Gary Johnson’s False Marijuana Claim

Libertarian presidential nominee Gary Johnson claimed that “no politicians outside of Bernie Sanders and myself support legalizing marijuana” at the “congressional, gubernatorial, senatorial level.” He’s wrong.

There are at least 20 other members of Congress and one governor who, as Johnson and Sanders do, support the legalization of marijuana.

Johnson, a former governor of New Mexico, made the claim in a June 16 interview with USA Today‘s Susan Page. Page asked Johnson about his efforts to appeal to young voters who supported Democratic presidential candidate Bernie Sanders.

Page, June 16: Some people think you have the potential to be appealing to millennial voters, who were, many of them supported Bernie Sanders, now have to consider Hillary Clinton. In part because you’re a longtime and the most prominent supporter in the country of legalized marijuana. Is that a good issue for you, do you think?

Johnson: I think it’s a litmus test for having a brain, myself. When 56 percent of Americans now support legalizing marijuana and no politicians outside of Bernie Sanders and myself support legalizing marijuana — and I’m talking now at the congressional, gubernatorial, senatorial level — it’s amazing. It’s an unbelievable disconnect.

Johnson is wrong that no other governor, representative or senator, besides Sanders, supports legalizing marijuana at the federal or state level.

We reached out to Johnson’s campaign for an explanation of his position on legalizing marijuana, but did not hear back.

Johnson, who also ran for president in 2012, explained his position this way at the time:

Johnson 2012 campaign website: Proposals to regulate marijuana similarly to alcohol have been considered in several states, and Governor Johnson has supported those efforts; he believes the federal government should end its prohibition mandate and allow each state to pursue its own desired policy.

Sanders introduced a bill in 2015 that would do exactly that. The bill, “Ending Federal Marijuana Prohibition Act,” would remove marijuana from the list of federally controlled substances and repeal all federal penalties for growing, possessing or using marijuana. States, on the other hand, would be allowed to impose their own restrictions on the drug.

The Sanders proposal has no cosponsors and has never been brought up for a vote in the Senate. But a similar bill in the House of Representatives has 18 cosponsors.

The “Regulate Marijuana Like Alcohol Act” was introduced earlier in 2015, by Democratic Rep. Jared Polis of Colorado.
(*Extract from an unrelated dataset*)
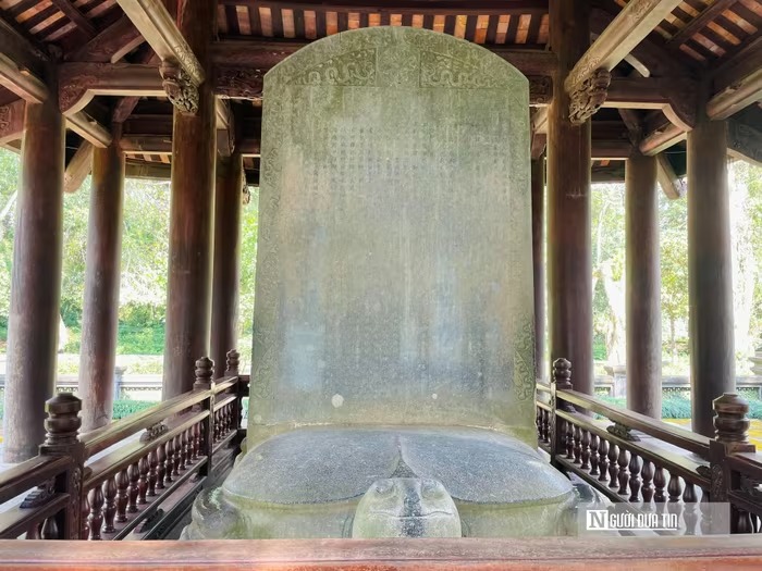 Du khách trầm trồ với nghệ thuật điêu khắc của văn bia. |

It would also declassify marijuana as a federally controlled substance and make it subject to the same regulations as alcohol under federal law, while allowing for state-specific restrictions.

“It is time for us to replace the failed prohibition with a regulatory system that works and let states and municipalities decide for themselves if they want, or don’t want, to have legal marijuana within their borders,” Polis said in a statement announcing the bill.

Also, Democratic Sen. Jeff Merkley supported legalizing marijuana for recreational use in his home state of Oregon in 2014. Merkley was reportedly the first U.S. senator to do so.

“I lean in favor of this ballot measure,” Merkley said, referring to Measure 91, which Oregon residents voted into law that year.

So, at least 20 “congressional level” politicians, other than Sanders, support the legalization of marijuana. And at least one “gubernatorial level” politician does as well.

Democratic Vermont Gov. Peter Shumlin, in his State of the State address in January, outlined a legalization plan in his state. Sanders’ home state of Vermont decriminalized marijuana in 2013.

“I believe we have the capacity to take this next step and get marijuana legalization done right,” Shumlin said.

Johnson’s statement that “no politicians outside of Bernie Sanders and myself support legalizing marijuana” at the “congressional, gubernatorial, senatorial level” is inaccurate. At least 20 others in Congress and one governor favor legalizing the drug.